The impact on animal livelihood is addressed in discussions of the border wall and border patrol activity; the death of humans to these same factors is not as thoroughly addressed. Water figures prominently in discourses of migration, conservation, and environmentalism. Despite liberal associations, it carries conservative discourses regarding human life. Neoliberal thought frames risk of death as an individual responsibility undertaken by migrants. Border militarization is not at fault for leading people towards deadly terrain, nor is it responsible for the pollution and destruction of natural environments and water sources. The RealID Act states that in the interest of national security, all existing regulations can be put to the side, including environmental regulation, treaties and agreements with Indigenous nations, and landowners’ private property interests along the border wall (Peters et al 2018). Much like free trade agreements allow foreign industries to assert their rights over those of the state, the state acts to reaffirm its sovereignty by ensuring that its borders are only permeable to the “right” values. In this, the Sonoran pronghorn and the undocumented border crosser share a similar treatment: under modern border policy, both have disposable lives. The difference is how their survival is treated by the area’s stakeholders.

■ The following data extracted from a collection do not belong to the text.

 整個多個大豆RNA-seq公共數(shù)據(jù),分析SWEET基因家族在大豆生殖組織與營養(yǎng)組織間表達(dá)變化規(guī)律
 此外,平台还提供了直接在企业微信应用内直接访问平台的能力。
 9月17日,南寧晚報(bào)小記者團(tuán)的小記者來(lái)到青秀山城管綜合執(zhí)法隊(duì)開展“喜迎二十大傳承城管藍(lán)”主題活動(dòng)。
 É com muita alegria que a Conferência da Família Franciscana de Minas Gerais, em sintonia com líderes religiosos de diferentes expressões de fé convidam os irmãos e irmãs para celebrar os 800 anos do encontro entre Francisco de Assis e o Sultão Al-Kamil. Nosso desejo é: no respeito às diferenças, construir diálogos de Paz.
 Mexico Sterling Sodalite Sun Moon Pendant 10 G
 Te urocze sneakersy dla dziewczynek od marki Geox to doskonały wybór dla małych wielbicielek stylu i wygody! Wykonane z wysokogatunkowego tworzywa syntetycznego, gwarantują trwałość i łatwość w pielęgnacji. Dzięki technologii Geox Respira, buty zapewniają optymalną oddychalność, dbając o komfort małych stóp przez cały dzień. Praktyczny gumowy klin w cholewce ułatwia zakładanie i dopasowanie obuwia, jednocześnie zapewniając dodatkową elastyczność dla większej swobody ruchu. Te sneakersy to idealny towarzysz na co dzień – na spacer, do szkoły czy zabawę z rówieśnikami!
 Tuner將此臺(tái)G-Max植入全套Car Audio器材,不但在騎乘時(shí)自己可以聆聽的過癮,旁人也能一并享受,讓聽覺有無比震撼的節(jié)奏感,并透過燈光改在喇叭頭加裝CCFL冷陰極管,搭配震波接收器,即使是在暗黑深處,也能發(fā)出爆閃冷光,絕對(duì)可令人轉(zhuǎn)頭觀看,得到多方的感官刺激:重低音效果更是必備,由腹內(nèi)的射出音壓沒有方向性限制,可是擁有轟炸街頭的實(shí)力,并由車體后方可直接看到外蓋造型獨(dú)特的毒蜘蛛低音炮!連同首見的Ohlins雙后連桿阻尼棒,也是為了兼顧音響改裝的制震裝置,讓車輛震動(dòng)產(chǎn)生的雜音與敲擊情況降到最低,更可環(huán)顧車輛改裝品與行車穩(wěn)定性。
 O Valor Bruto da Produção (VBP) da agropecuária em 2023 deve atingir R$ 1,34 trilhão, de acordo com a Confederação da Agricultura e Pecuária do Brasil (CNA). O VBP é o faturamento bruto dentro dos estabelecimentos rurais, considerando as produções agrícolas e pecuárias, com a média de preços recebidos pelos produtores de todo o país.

As a former volunteer with Arizona human rights organizations, I entered academia to find answers to the questions I faced in the field. How could we support the conservation of national monuments and wildlife refuges without acknowledging the ways border enforcement agencies cut paths through these areas, and bombing ranges dropped shrapnel across miles of desert landscape? Why were migrants blamed for its destruction? Why were aid workers criminalized for their attempts to provide water? The large-scale move towards the privatization of resources like water and toward holding each individual as the sole party responsible for their own lives is a key part of the story which leads people to their deaths in the U.S-Mexico borderlands. Understanding the connections between international trade agreements, conservation efforts, and the loss of human life can be a difficult web to unweave. Work on this matter is still developing, and the specifics of some of the issues I describe have yet to be comprehensively explored. We cannot hold people responsible for their own deaths when they are pushed across arbitrary borders by the impact of American interventionism and free trade policies like NAFTA. NAFTA has created some of the conditions for mass migration, and neoliberal ideas of “value” and “responsibility” have much to do with the discourse regarding migration at the border today. Ultimately, water is an easy equivalent for the similar journey of the human body’s change from individual into an economic commodity- or liability- depending on the location of a person’s birth. Like water, individuals change at borderlines, and are changed by the perception of the global market and the state; like water, they are policed, counted, monitored, and sacrificed.
Notes
[1] Such as the Border Environment Cooperation Commission.